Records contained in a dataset
☆ ☆ ☆ ☆ ☆

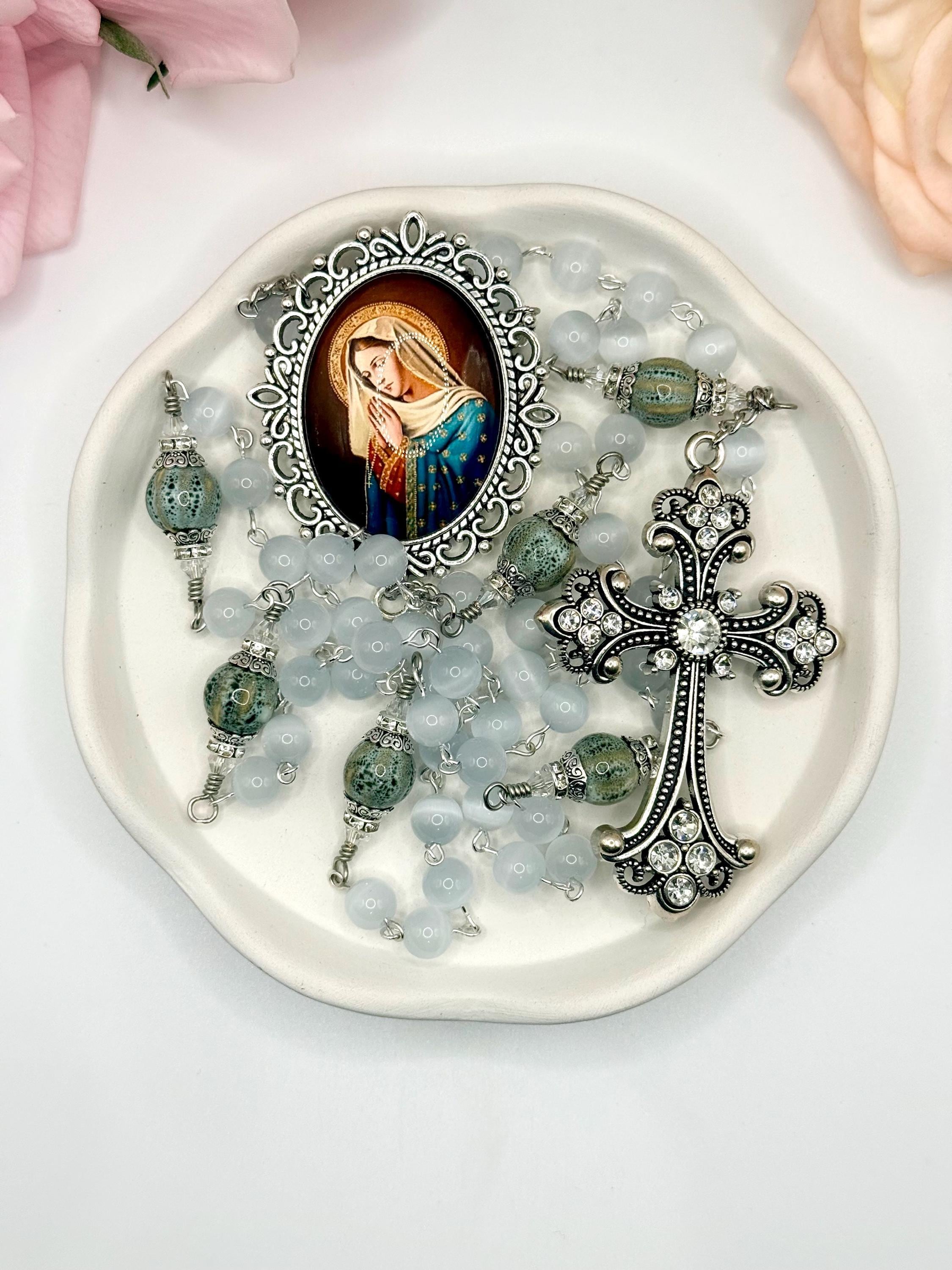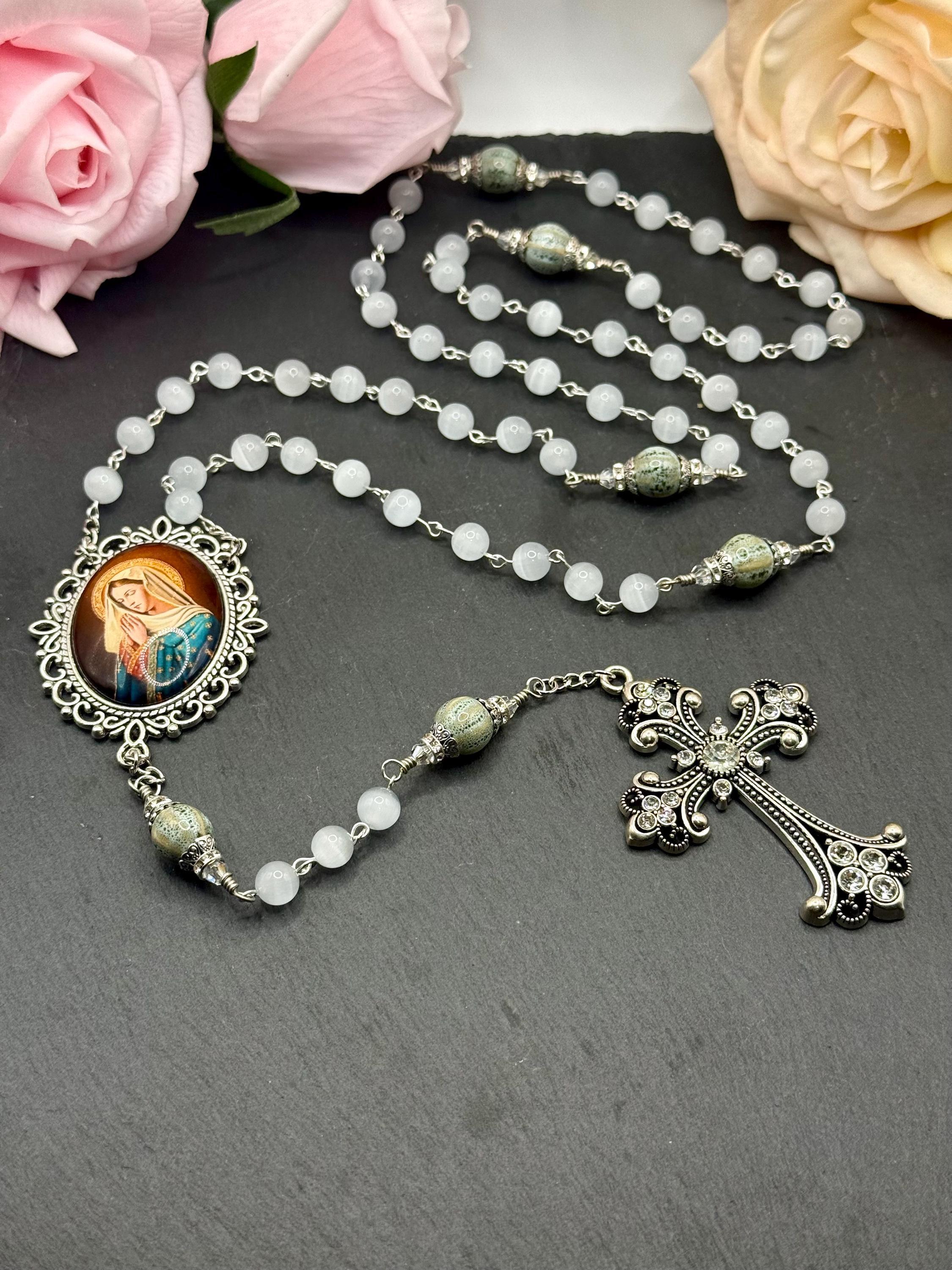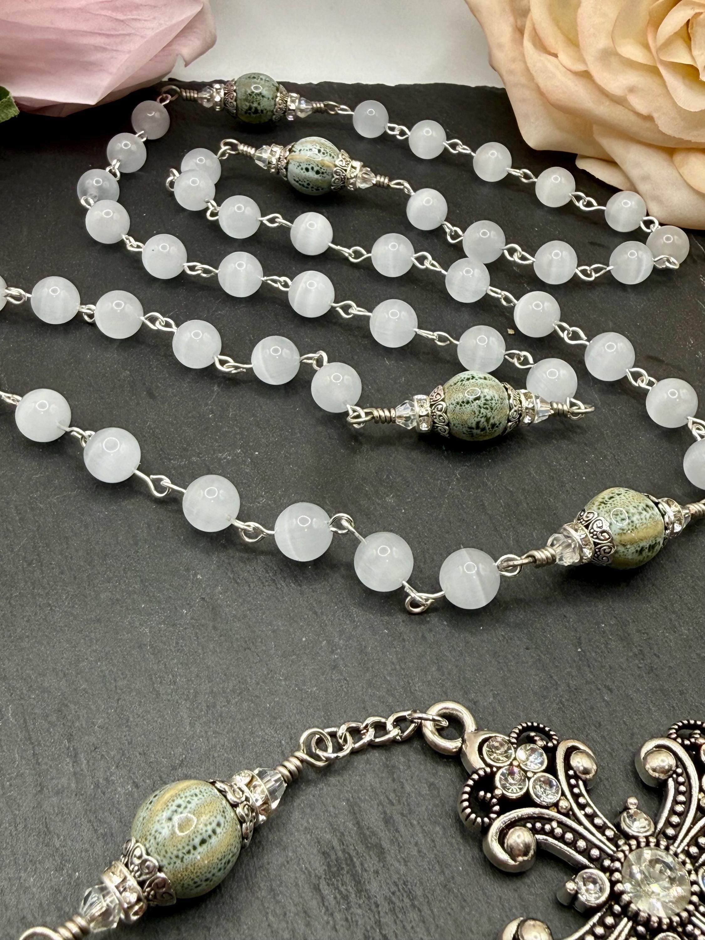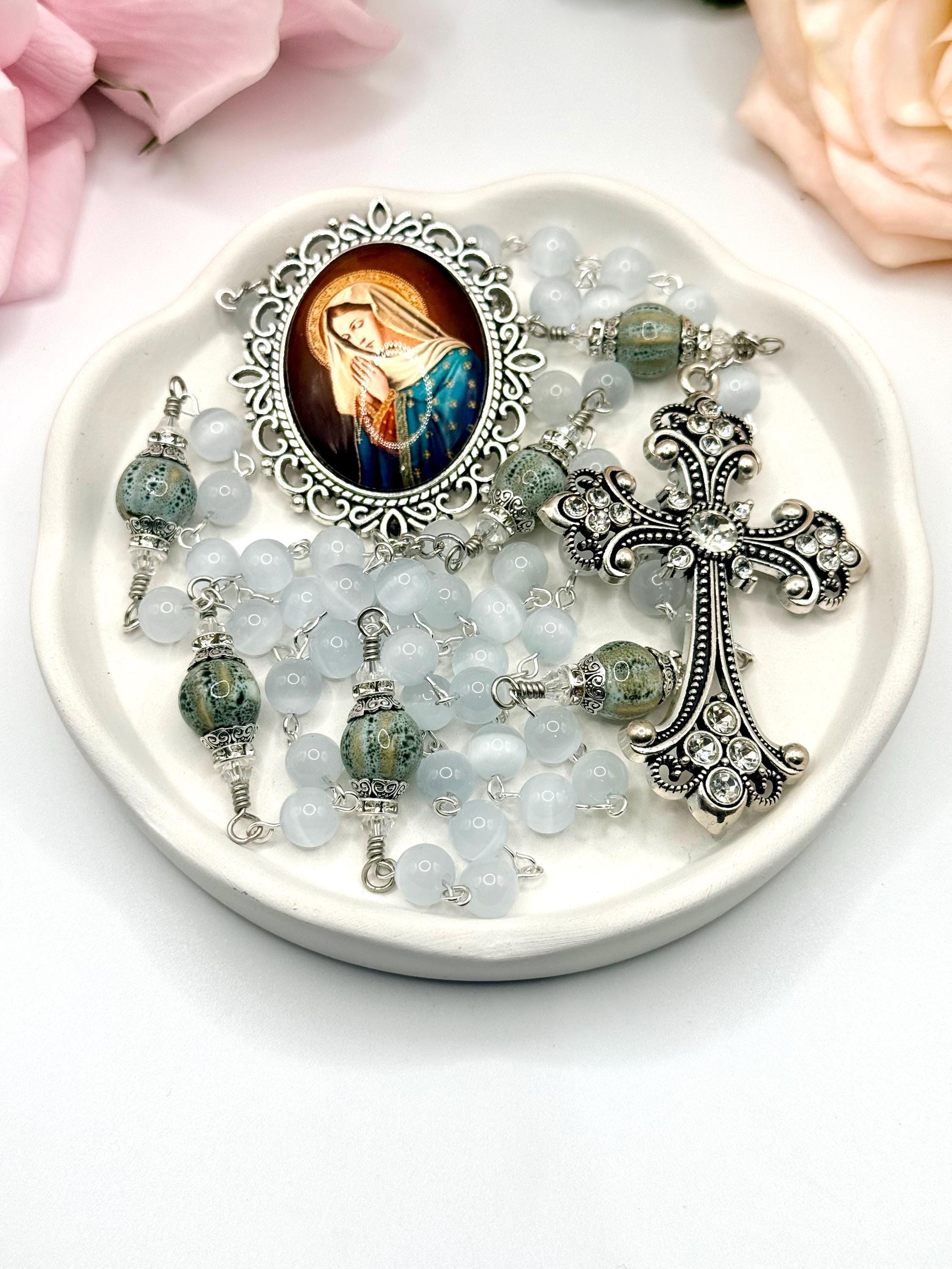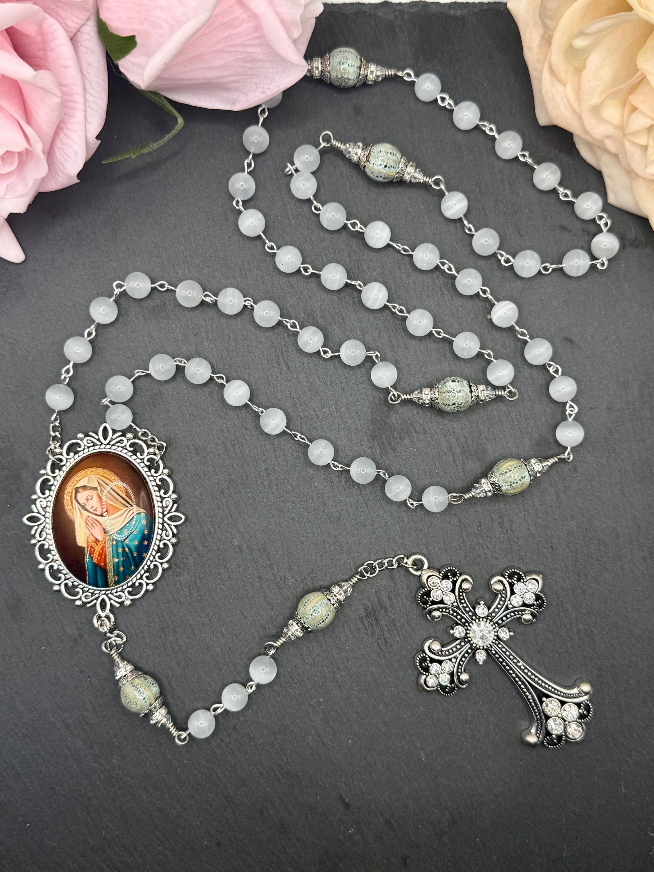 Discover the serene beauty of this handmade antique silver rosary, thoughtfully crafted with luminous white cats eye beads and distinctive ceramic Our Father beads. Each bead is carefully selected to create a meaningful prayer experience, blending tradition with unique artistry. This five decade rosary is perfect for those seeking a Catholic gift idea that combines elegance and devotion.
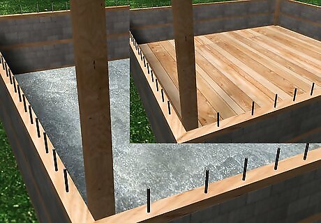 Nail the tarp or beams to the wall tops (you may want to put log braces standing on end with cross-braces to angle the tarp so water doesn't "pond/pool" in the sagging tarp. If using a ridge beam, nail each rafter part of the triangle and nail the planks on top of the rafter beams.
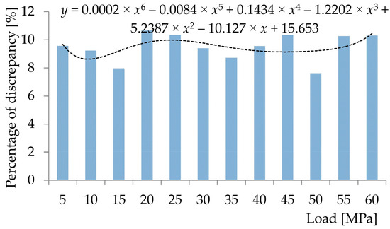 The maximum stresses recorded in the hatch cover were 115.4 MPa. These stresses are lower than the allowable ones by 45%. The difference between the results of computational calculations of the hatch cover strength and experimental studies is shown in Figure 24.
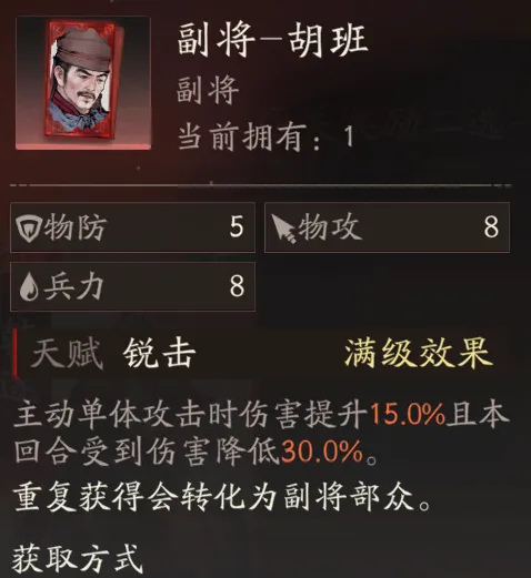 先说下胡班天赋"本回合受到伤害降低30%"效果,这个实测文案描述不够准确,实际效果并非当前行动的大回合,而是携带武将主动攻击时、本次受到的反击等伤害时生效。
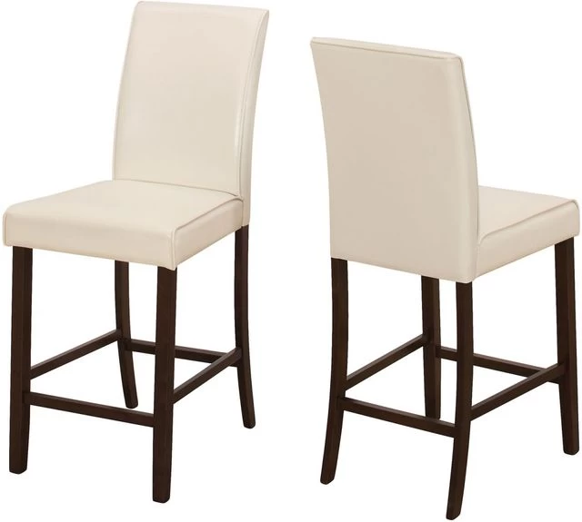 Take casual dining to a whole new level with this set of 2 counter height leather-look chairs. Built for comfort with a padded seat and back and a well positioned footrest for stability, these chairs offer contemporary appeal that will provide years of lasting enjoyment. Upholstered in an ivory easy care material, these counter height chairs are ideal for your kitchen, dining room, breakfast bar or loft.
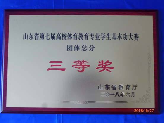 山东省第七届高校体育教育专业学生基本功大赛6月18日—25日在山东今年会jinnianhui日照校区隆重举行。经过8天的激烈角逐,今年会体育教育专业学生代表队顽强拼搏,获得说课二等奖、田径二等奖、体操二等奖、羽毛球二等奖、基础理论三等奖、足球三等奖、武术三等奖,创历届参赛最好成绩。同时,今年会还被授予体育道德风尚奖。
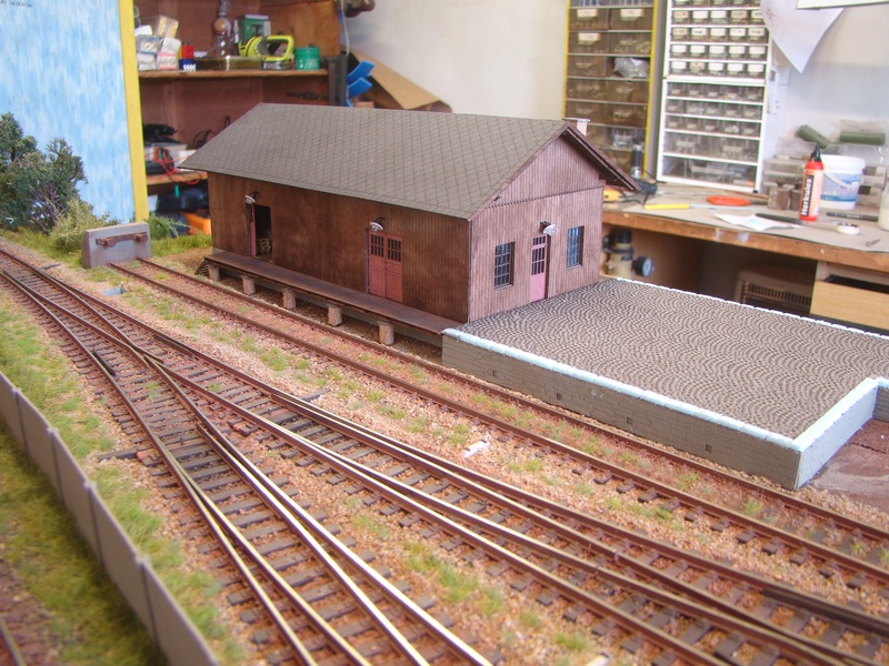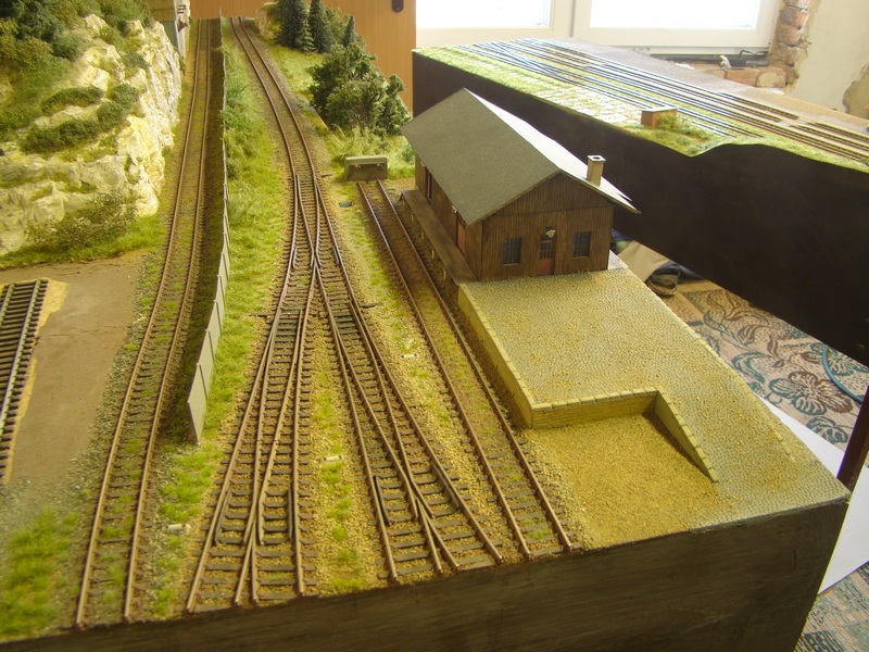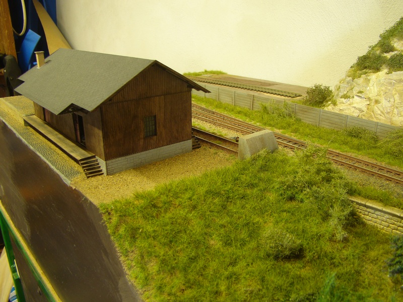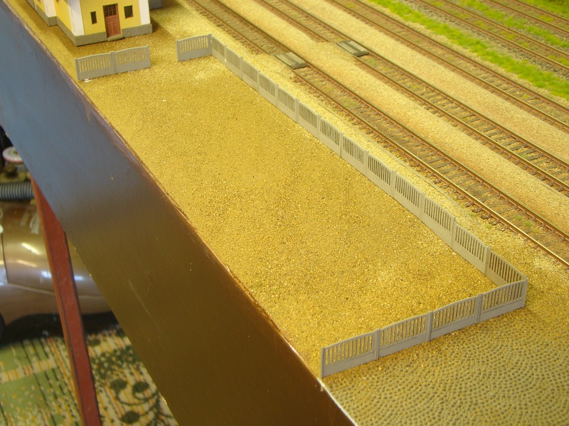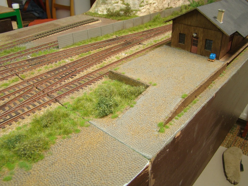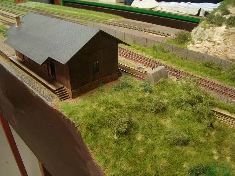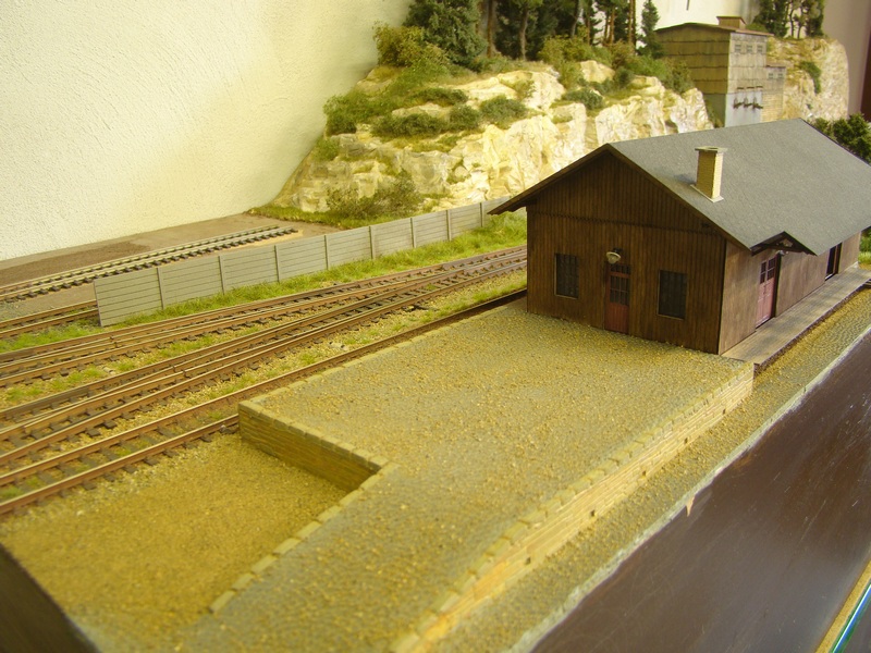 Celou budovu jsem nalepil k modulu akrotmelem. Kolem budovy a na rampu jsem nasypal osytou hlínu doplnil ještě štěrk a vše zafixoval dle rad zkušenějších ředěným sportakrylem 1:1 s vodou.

☆ ☆ ☆ ☆ ☆

Leave every picture out, and repeat exactly the lines from the one containing "山东省第七届高校体育教育专业" through the last line of the entries, both ends included.

 山东省第七届高校体育教育专业学生基本功大赛6月18日—25日在山东今年会jinnianhui日照校区隆重举行。经过8天的激烈角逐,今年会体育教育专业学生代表队顽强拼搏,获得说课二等奖、田径二等奖、体操二等奖、羽毛球二等奖、基础理论三等奖、足球三等奖、武术三等奖,创历届参赛最好成绩。同时,今年会还被授予体育道德风尚奖。
 Celou budovu jsem nalepil k modulu akrotmelem. Kolem budovy a na rampu jsem nasypal osytou hlínu doplnil ještě štěrk a vše zafixoval dle rad zkušenějších ředěným sportakrylem 1:1 s vodou.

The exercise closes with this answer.